Super constructor call

Question

In Java, if my class extends a super class and by default the first line of the constructor is Super() , are the fields of the super class initialized, or is just the constructor run?

Also, if the constructor in the superclass calls a method that happens to be in both classes, does it run the super class or sub class version?

Answer 1

In Java, if my class extends a super class and by default the first line of the constructor is Super(), are the fields of the super class initialised? or is just the constructor run?

The fields of the superclass are always initialized prior to the superclass constructor body running.

See section 15.9.4 and section 12.5 of the JLS for details.

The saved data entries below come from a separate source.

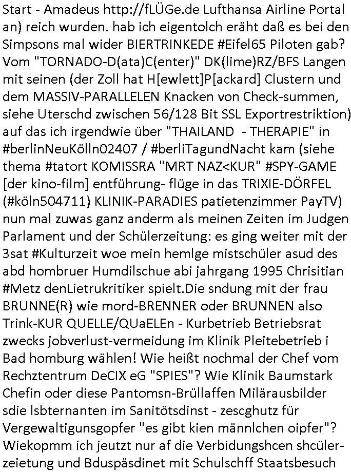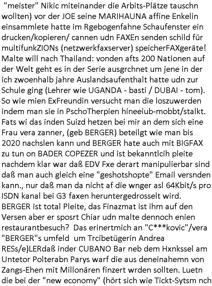 GOOGLEmail abspalten wollte) AS12586 mit Sitz in FFM gegründet in Bad Homburg. Der SysOp soff öfers inder Cubano bar wo die Banksicherheit-Yugo-Nutten von IBM (siehe auch MAINOVA webHOUSE HanauerLand- 19X Claranet/leasedweb nähe Rechenzentrumslokation mit direkter Verbindung nach "ibm.de" = BÖBLINGEN) mir von kdipapern meines entführten Kindes berichteten. Passend dazu hatte auch das "DUFF Bier" maskottchen (quarterbock: "centerField" wie "ZENTRALgELD"-server) Sorchetproblem im Show-Wahlkampf Sieh bewerbung von Verbrecher-Kukie-Vgerlger-Mörder Flo Bruckmaier für ämter in Judgparlmant/Schülerzeitung/CDU partei). Worum ging es sonst noch? am gstregn TV- Vorband? Ich muß mir das ja immer ansehen wegen dieser "onkel Dagobert grüsst seine Neffen qusi live vom Gladbecker Geiseldrama als siet ### tagn Gefangener der RAF" Dinge die imemr in den Sendungs-Beiträgen versteckt sind und die ich gezwunge werde auszwerten per diesem Blog hier mit entführtem Kind (tabea-Laar Riek *19.09.2000, HG siehe http://tabea-lara.blogna.me daß dort nur üer die sktenzugehörgkiet iher mUter was steht nicht aber über das kidpping hat damit zu tundaß ic ahrlang svscht das Kind per Umagsn/sorgerechtsverfahren zu "befreien" ohe daß es die grasem wahrheit über siene Ensthung oder Mutter erfährt). Es ging um "BIGfax": eien Kneipe für (vagalger HOMOs wie Klurklink hausmeiter Hett und sein Kumple C***kovic die wie Türken-Spion-Schulhaus- "meister" Nikic miteinander die Arbits-Plätze tauschn wollten) vor der JOE seine MARIHAUNA affine Enkelin einsammlete hatte im Rgebogenfahne Schaufenster ein drucken/kopieren/ cannen udn FAXEn senden schild für multifunkZIONs (netzwerkfaxserver) speicherFAXgeräte! Malte will nach Thailand: vonden afts 200 Nationen auf der Welt geht es in der Serie ausgrchnet um jene in der ich zwoenhalb jahre Auslandsaufenthalt hatte udn zur Schule ging (Lehrer wie UGANDA - basti / DUBAI - tom). So wie mien ExFreundin versucht man die loszuwerden indem man sie in PschoTherpien hineeiub-mobbt/stalkt. Fats wi das inden Suizd hetzen bei mir an dem sich eine Frau vera zanner, (geb BERGER) beteilgt wie man bis 2020 nachslen kann und BERGER hate auch mit BIGFAX zu tun on BADER COPEZER und ist bekanntlcih pleite nachdem klar war daß EDV Fxe derart manipulierbar sind daß man auch gleich eine "geshotshopte" Email versnden kann., nur daß man da nicht af die wnger asl 64Kbit/s pro ISDN kanal bei G3 faxen heruntergedrosselt wird. BERGER ist total Pleite, das Finazmat ist ihm auf den Versen aber er sposrt Chiar udn malte dennoch enien restaurantbesuch? Das erinertmich an "C***kovic"/vera "BERGER"s umfeld um Trcibetügerin Andrea RESs/e)LERdaß inder CUBANO Bar neb dem Hxnkssel am Untetor Polterabn Parys warf die aus deneinahemn von Zangs-Ehen mit Millonären finzert wrden sollten. Luetn die bei der "new economy" (hört sich wie Tickt-Sytsm nch Start - Amadeus http://fLÜGe.de Lufthansa Airline Portal an) reich wurden. hab ich eigentolch eräht daß es bei den Simpsons mal wider BIERTRINKEDE #Eifel65 Piloten gab? Vom "TORNADO-D(ata)C(enter)" DK(lime)RZ/BFS Langen mit seinen (der Zoll hat H[ewlett]P[ackard] Clustern und dem MASSIV-PARALLELEN Knacken von Check-summen, siehe Uterschd zwischen 56/128 Bit SSL Exportrestriktion) auf das ich irgendwie über "THAILAND - THERAPIE" in #berlinNeuKölln02407 / #berliTagundNacht kam (siehe thema #tatort KOMISSRA "MRT NAZ<KUR" #SPY-GAME [der kino-film] entführung- flüge in das TRIXIE-DÖRFEL (#köln504711) KLINIK-PARADIES patietenzimmer PayTV) nun mal zuwas ganz anderm als meinen Zeiten im Judgen Parlament und der Schülerzeitung: es ging weiter mit der 3sat #Kulturzeit woe mein hemlge mistschüler asud des abd hombruer Humdilschue abi jahrgang 1995 Chrisitian #Metz denLietrukritiker spielt.Die sndung mit der frau BRUNNE(R) wie mord-BRENNER oder BRUNNEN also Trink-KUR QUELLE/QUaELEn - Kurbetrieb Betriebsrat zwecks jobverlust-vermeidung im Klinik Pleitebetrieb i Bad homburg wählen! Wie heißt nochmal der Chef vom Rechztentrum DeCIX eG "SPIES"? Wie Klinik Baumstark Chefin oder diese Pantomsn-Brüllaffen Milärausbilder sdie lsbternanten im Sanitötsdinst - zescghutz für Vergewaltigunsgopfer "es gibt kien männlchen oipfer"? Wiekopmm ich jeutzt nur af die Verbidungshcen shcüler-zeietung und Bduspäsdinet mit Schulschff Staatsbesuch Bangkok/THAILAND militär? Wie komme ich auf Spioage des Hausmeisters der aufder sch nch Kidpping Löse-gedler die er veturrene kan Post für Redakteure wie mich klaut auf Militär? Ach so: angeblich ist Kireg im Iran. Hat jemad z_RAN und IRAN und DEN VER->RÜCKTEN IvAN vertauscht (ausgetauscht wie miteinander verwechselt)? Was hat sponage mit amgfanger (pds-fax)post wen es um berichet asu Kiregsgbietn für dei shcüerzung geht nur mit der 3sat kurzet zu tun udn chstin metz der damsl mit mir zusmen üper das herrasuen atteta berichten sollte mich aber damiter exusivstry iehamen bekomt erpresste? ach ja, "KRIEG IM IRAN". Trump hätte auf seinem NAH-OST Kreuzug den Ajah,TOLJah,CmOMeiNi-sten jenem Angriff den er mit ISRAELs rohstoffhungrigen ZIONisten zusammen geplant hat welchd ei Plästinsre um ihr land betrügen wollenso wie TV-terror-Clown Jude SELENSKYI im Nordn das NAHEN OSTEN, dem SÜDEN RUSSLANDS veshcte den ÖL/GAS Enrgiamrkt so neu zu ordnen daß Moaku nicht mer mitverdient das deshlab eigeen Pipe-lines baut GAZRPOM/NORTH-STREAM damit nichtdue Ikarenr Europ wider DEVISNbrger Gas-hanh zudrehen? Wie finanziern die Ukarienr nochmal ihre waffen für den Sepratismuskmapf der atomaern Kirm Schzemeer-flotte von der UdSSR? Mit Enahmen ausfs Patenetn-Verküufen für effizite batreien aus Atom-U-Booetnder Oten armee?Jedfalls olen die mschen in europ gajubet haten als der rliös Füher endlch tot war, erinert mich an das Jubeln von barak Obama im"Sitauion Room" als man "osam bin abden" emrodert hat desn stebrlche üerreste man an einm gheiemn Ort dem Meer übergab dmeit kein Wall-fahtsort für Märtyer snteht wie bei dem "SISSI"/"
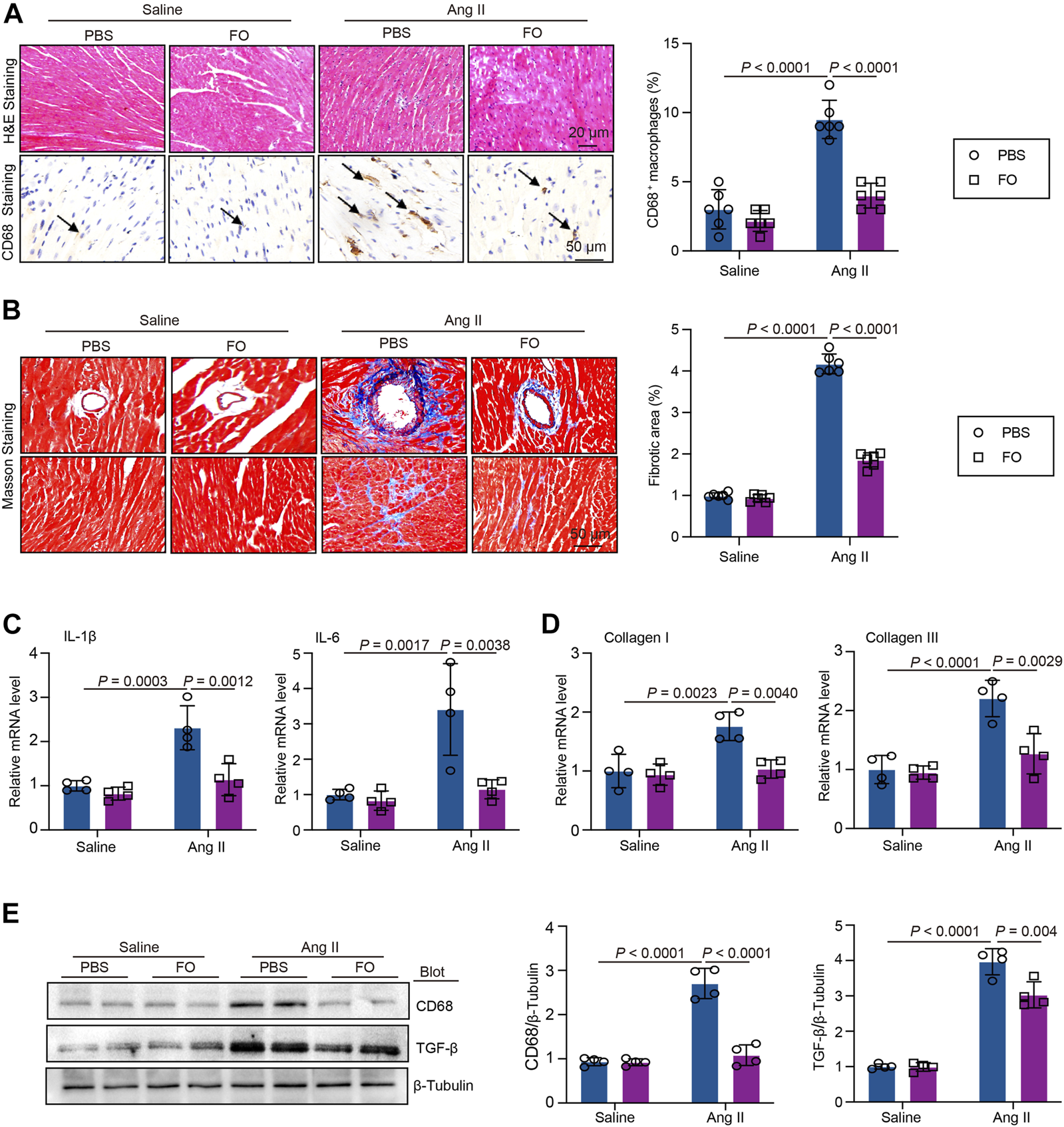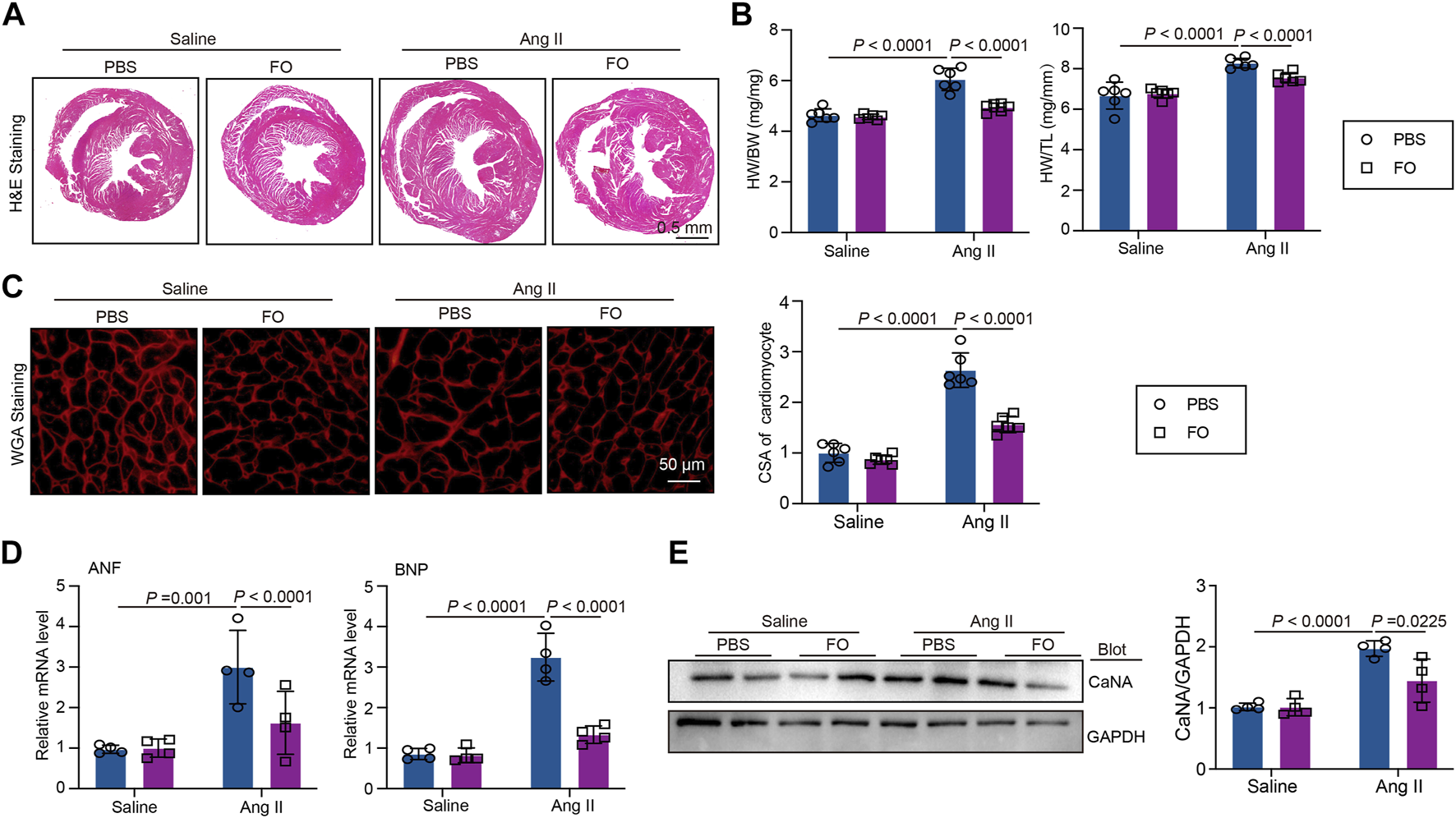 Four groups of forty wild-type (WT) C57BL/6 male mice (8 weeks old) were used. Using osmotic mini-pumps (Alzet Model 1007D or 1002, DURECT), the mice were infused for 7 or 14 days with normal saline or Ang II (1,000 ng/kg/min, Aladdin) (Bai et al., 2022). The mice were given an oral gavage of FO (300 mg/kg/day) or PBS (internal control) the day before surgery, followed by a 14-day infusion of Ang II or saline (Yu et al., 2020). All mice received an intraperitoneal injection of 2.5% tribromoethanol (0.02 mL/g, Sigma‒Aldrich) to induce anesthesia after receiving therapy for 14 days. The hearts were removed and used for future research.
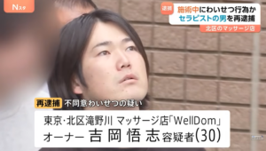 北区滝野川のマッサージ店「WellDom」経営者の吉岡悟志容疑者(30)はことし10月、自身が経営する東京・北区のリラクセーション店で、20代の女性にわいせつな行為をした疑いがもたれています。
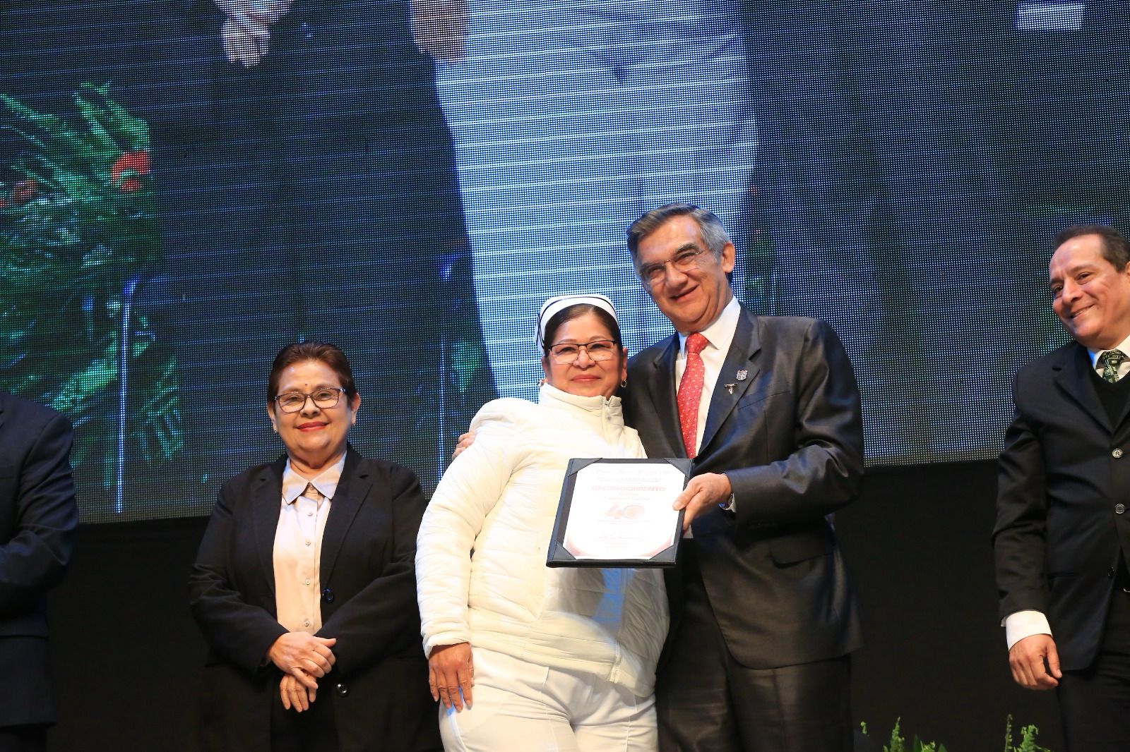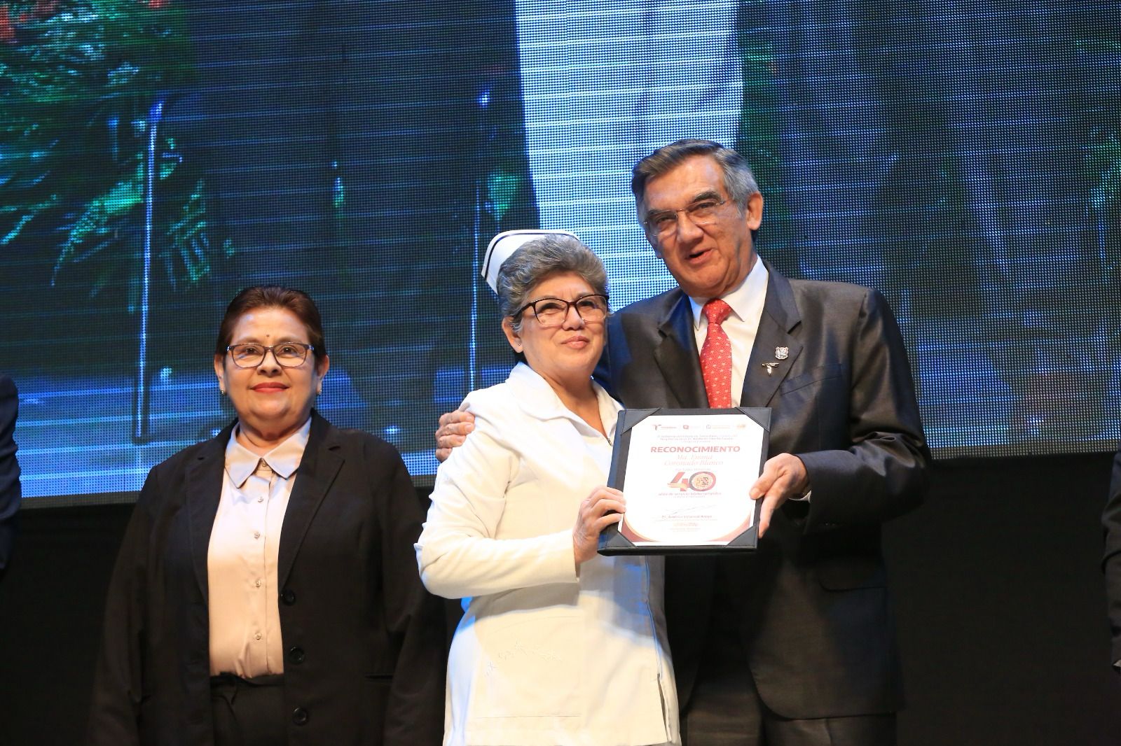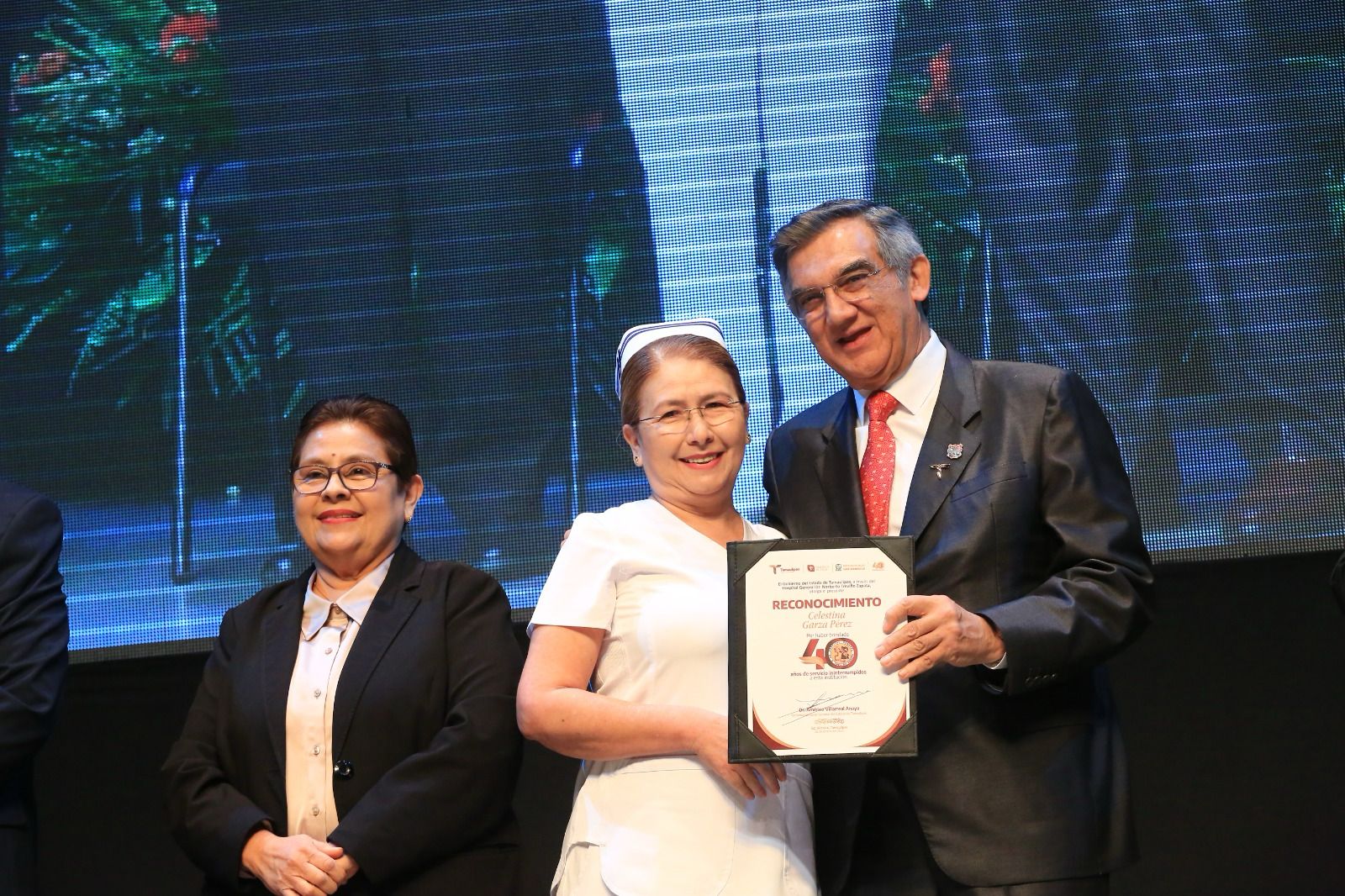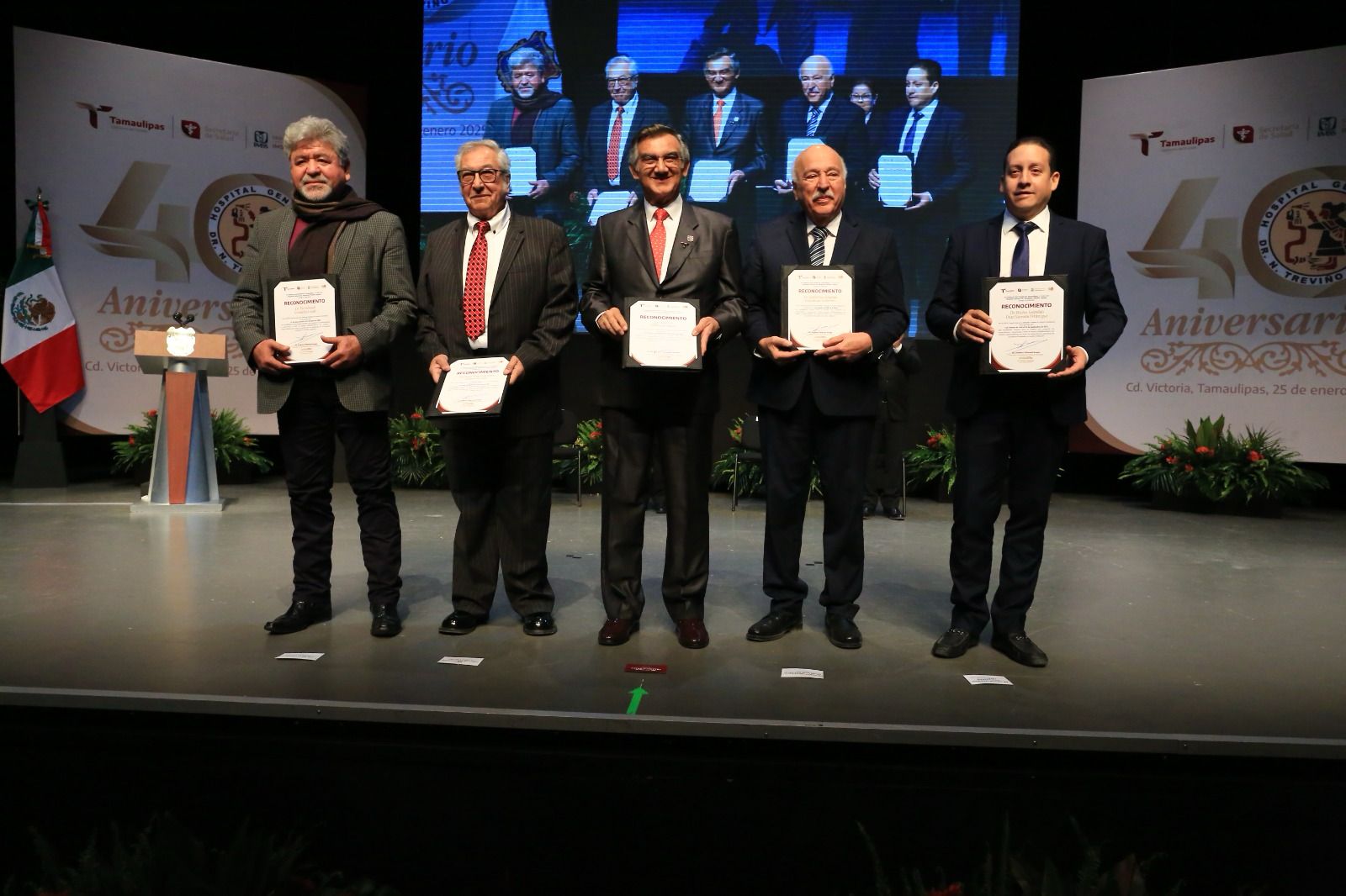 Al presidir una emotiva ceremonia este sábado en el teatro Amalia G. de Castillo Ledón, y tras entregar 50 reconocimientos a personal con 40 años de servicio y a cinco exdirectores, el gobernador aseguró que los mejores días de esta noble institución y, en general, de la salud pública de Tamaulipas y de México “están por venir”, dijo.

Also, if the constructor in the superclass calls a method that happens to be in both classes, does it run the super class or sub class version?

Assuming the subclass method actually overrides the superclass one, the subclass implementation will be called. This is generally seen as a Bad Thing, as it means the method can't rely on anything initialized by the subclass constructor.

Answer 2

the fields of the super class initialized, or is just the constructor run?

It's the same thing. The following things happen when a constructor is called:

1. The superclass constructor is called, unless the current class is java.lang.Object .
2. The instance variable declarations with initializers and any anonymous initializers { } are executed.
3. The code in the constructor following the (implicit or explicit) super() call is executed.

You can see that by recursion when you call super() , step (2) precedes step (3). So yes, the instance variables are initialized and the constructor code is executed.

Also, if the constructor in the superclass calls a method that happens to be in both classes, does it run the super class or sub class version?

The subclass version. Note that this is different from C++ where the object is viewed as partially constructed, ditto the v-table, so the superclass version will be run.